Rostov the Great Lives Up to the Claim

There are actually two towns named "Rostov" in Russia. One is named "Rostov the Great" and has a population of 37,000; the other is called "Rostov-upon-Don" and is more than 10 times larger than its brother. Nevertheless, the smaller Rostov acquired the `Great' in its name over 900 years ago, when Moscow was just a small wooden fortress. Such things frequently occurred to Russian towns: great historical points gradually lost their importance relative to newer locations.

To understand the special aura of Rostov the Great, one must appreciate the location of the town. Rostov stands upon Lake Nero, right at the northern edge of the Opolye district. Opolye, a narrow strip of fertile black soil among the poor grey lands of Central Russia, was a key area for agriculture. Therefore, Rostov and Suzdal (also in Opolye) became natural capitals of the surrounding regions. Rostov influenced the rise of Yaroslavl, Kostroma, Belozersk and other towns of the North-Eastern part of Russia. It was one of two towns that fostered the expansion of the Russian frontier, along with Novgorod. Never a center of military strength or other kinds of raw power, Rostov was instead a spiritual point of utmost importance. Even when the town lost all its power, the cathedral of the Metropolitan remained in Rostov and developed into the Orthodox center for all North-Eastern Russia. This strong spiritual center, combined with generous donations from tsars, boyars and profits from real estate belonging to the Church, enabled the Rostov Metropolitan Jonah to erect the prefect ensemble that still impresses visitors to this day.

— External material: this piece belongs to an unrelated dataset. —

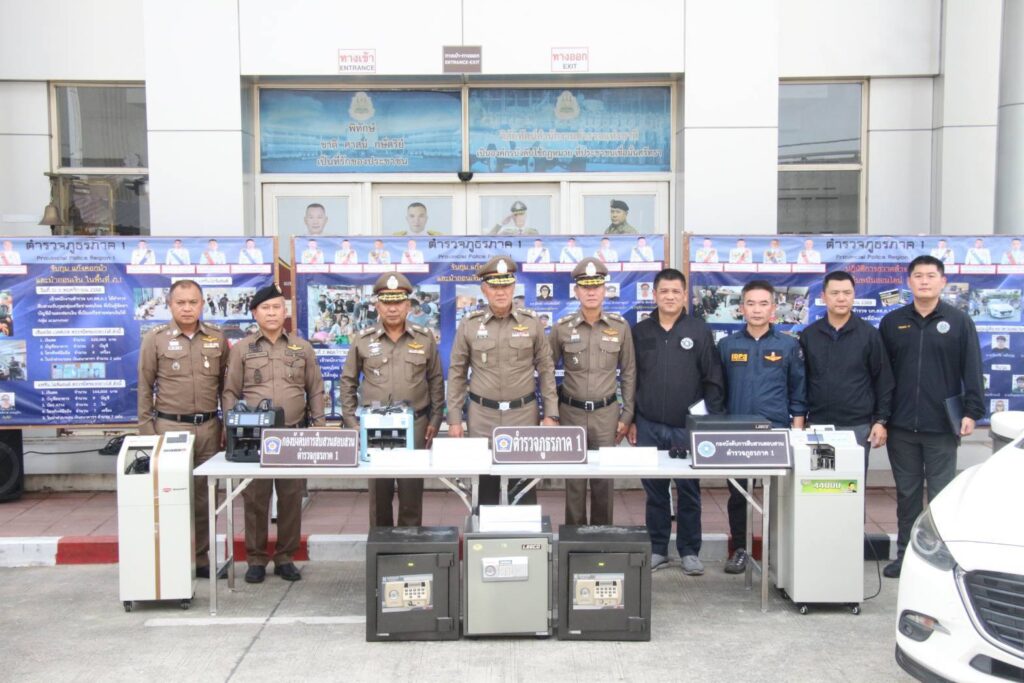 วันที่ 13 พ.ย.2568 เวลา 11.00 น. ณ หน้าลาน สภ.คูคต จ.ปทุมธานึ : พล.ต.ท.วัฒนา ยี่จีน ผบช.ภ.1 พร้อมด้วย พล.ต.ต.วิชิต บุญชินวุฒิกุล รอง ผบช.ภ.1,พล.ต.ต.พีรพล โชติกเสถียรผบก.ภ.จ.ปทุมธานี พร้อมข้าราชการตำรวจที่เกี่ยวข้อง ร่วมแถลงข่าวผลการจับกุมปฏิบัติการกวาดล้างเว็บพนันออนไลน์ และ ปราบสแกมเมอร์ 2 คดีคีอ 1.ร่วมกันกันจัดให้มีการเล่นหรือทำอุบายล่อฯ และร่วมกันฟอกเงิน” พร้อมด้วยของกลาง เงินสด จำนวน 30,324,600 บาท บัตรเอทีเอ็ม (บัญชีม้า) ประมาณ 100 ใบ,โทรศัพท์มือถือ 22 เครื่อง,เอกสารการโอนเงินใบเสร็จค่าน้ำไฟหลายรายการระหว่างตรวจนับและทำการตรวจยึดอายัดทรัพย์ตาม พ.ร.บ.ป้องกันและปราบปรามการฟอกเงินยอดรวม 20 ล้านบาท 2.จับกุมผู้ที่กระทำความผิดเกี่ยวกับสแกมเมอร์ได้จำนวน 7 คอกม้า ตรวจยึดเงินสดของกลาง จำนวน 5,580,300 บาท และคืนเงินผู้เสียหายไปจำนวน 8 ราย เป็นเงินจำนวน 1,200,000 บาท

The sights of Rostov that make the town a top tourist destination are the kremlin (the fortress) and the surrounding monasteries. They form the typical structure of the core fortress and the surrounding bastions, characteristic of Russian towns in the 15th and 17th centuries. Spaso-Yakovlevsky, Avraamiev and othermonasteries served as bastions, and the residence of the Metropolitan was the central dungeon of the entire defensive complex. Strangely, no enemy threatened the town at the end of the 17th century when these defenses were built. And here we touch on a matter tightly connected to Russia's medieval world-view.

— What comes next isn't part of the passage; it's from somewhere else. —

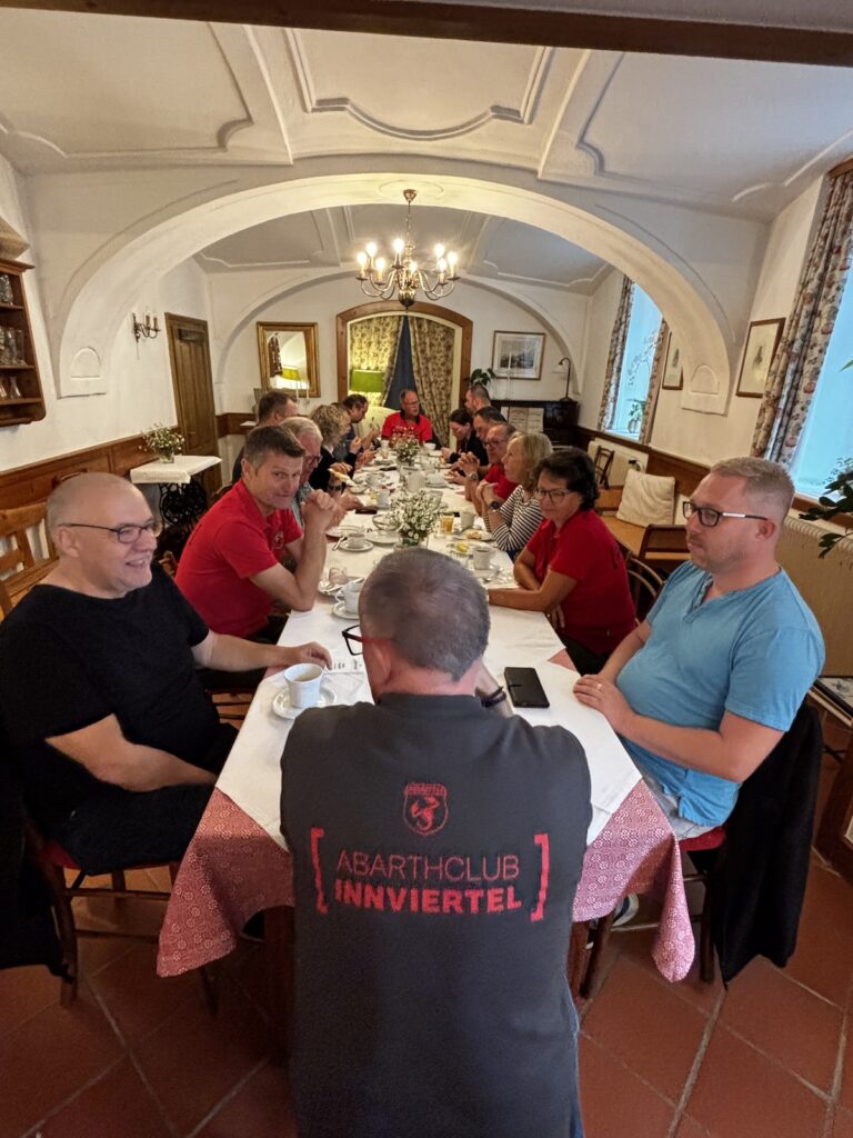 Freitag, 26.9. trafen sich zur Mittagszeit 9 Abarth nebst Begleitung im „Gasthaus am See“ am Mondsee.

According to the writings of Russian clerics in the 17th century, sacred objects like churches and monasteries symbolically represented the structure of the real, as well as the supernatural, world. Therefore, the residence of the Metropolitan, who spiritually fights the powers of evil, is similar to an important fortress, and the monasteries resemble bastions. The walls and towers of the kremlin are about 10 meters high and 2.5 kilometers long, with elevations arranged so that one can walk around the whole fortress without descending to ground level. Aesthetic and sacred considerations are visible in the kremlin defenses. For example, all the gates contain images of majestic churches.
Rostov has not been a traffic hub since time immemorial - a rare case for a Russian town. But around the kremlin the market was always active, for local peasants developed high skills of agriculture - thanks to their Opolye once again. Rostov onions, for example, have become somehow the best in Russia - though inhabitants of neighboring Suzdal doubt this claim and insist their onions are best.
New changes came with the industrial era and Rostov was rather late with reforms. Still, some textile factories were established here by the end of the 19th century. But in general the town remained agricultural. Until the end of the 1950s, this status was not an obstacle for Rostov, but later the trend of `industry or poverty' dominated the Russian province. Rostov was forced to accept poverty.

In the 1960s, when the Golden Ring travel route was established in Russia, Rostov was a premier feature. Among with Suzdal, Rostov was given the status of a museum reserve, and this status was incompatible with development. So tourism and state funding became the main sources of income for Rostov, together with a declining agriculture tradition.

Today, Rostov remains a poor town, and this is rather obvious around the kremlin grounds. Some old stone houses (Classic- Art Nouveau- Empire-style) are in terrible condition and deteriorating. Rostov inhabitants do not seem prosperous, as they walk down the streets, as tourists depart, to drink their usual vodka. Those who are engaged in the travel industry have jobs and some money; but those who are not, have the choice to migrate to Yaroslavl or Moscow - or suffer. A difficult choice, but an inevitable one today. The transformation to the post-industrial stage will take decades. Will Rostov, one of Russia's fairy-tale towns, survive the wait?